Public transit system in San Francisco, California, United States

Presidio Go Shuttle (formerly PresidiGo) is a public transit system in San Francisco, California serving the San Francisco Presidio. The service includes two routes: the "South Hills" route providing circulator service within the Presidio, and the "Downtown" route connecting to Embarcadero station and the Salesforce Transit Center in downtown San Francisco. (A second circulator route, the "Crissy Field" route, was discontinued in 2020 due to low ridership.) The routes connect at the Presidio Transit Center, which is also served by Muni bus route . The service is nominally free public transport, although a rider pass or Muni Visitor Passport is required for some trips during rush hours. Operations are contracted to MV Transportation and are overseen by the Presidio Trust.

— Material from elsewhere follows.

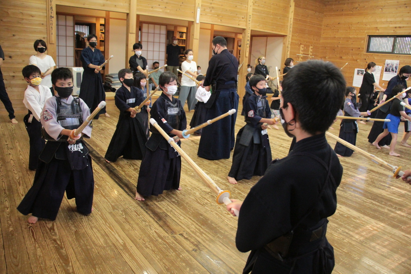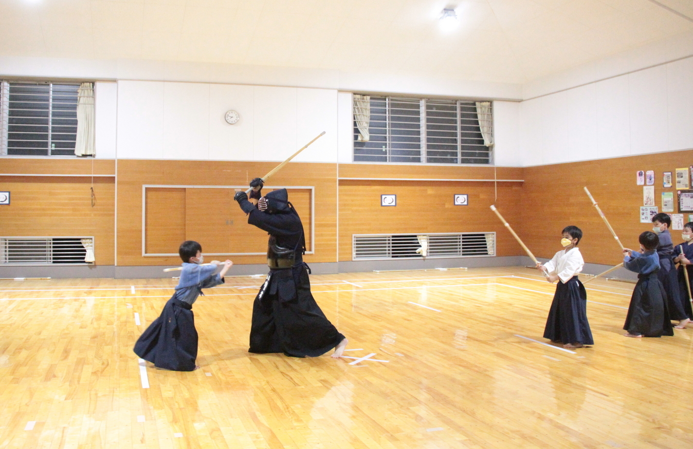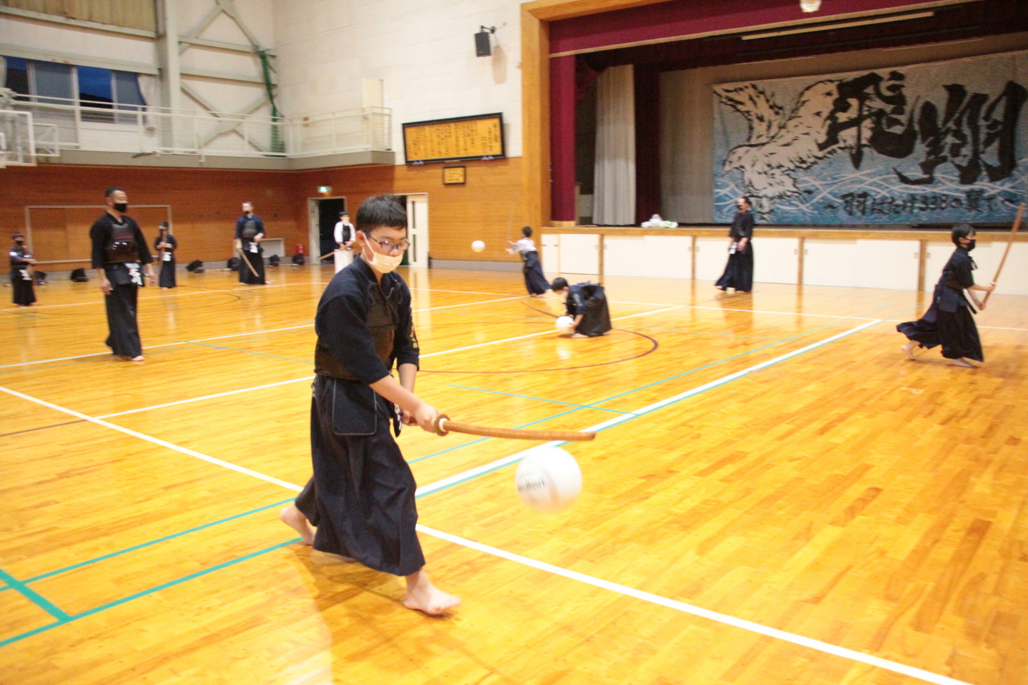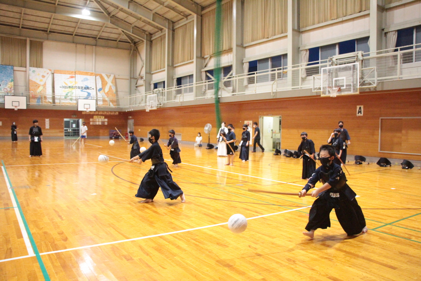 小学生の面着け組約20人は、バレーボールでのすり足ドリブルを4チームに分かれてリレーを行いました。慣れてきた子どもはバレーボールの跳ね返りも予測できるようになってきました。バレーボールの跳ね返りを待つ「溜め(ため)」ができるようになると剣道の技も増えるはずです。 面着け後は20分間。面着け一番乗りは小4男子2人でした。切り返しを3〜4回行い、相面、出小手を修錬し、地稽古を4回行いました。出小手の打ち方については、右手で振り上げるのではなく、左肘を意識することを説明しました。

The service uses nine buses: three cutaway buses for the circulator route, and six larger buses (five ElDorado National XHF and one New Flyer XN40) for the downtown route. The buses use compressed natural gas (CNG) fuel and are stored in a facility at Fort Scott. As of July 2020, the Presidio Trust plans to order 2 BYD battery electric buses to replace the current CNG cutaway buses used on the circulator route. The buses are expected to enter service in September 2021. The first BYD electric bus arrived in early 2023 and entered service in February 2023. The second BYD bus is anticipated to arrive in 2024, almost 3 years behind the initial schedule.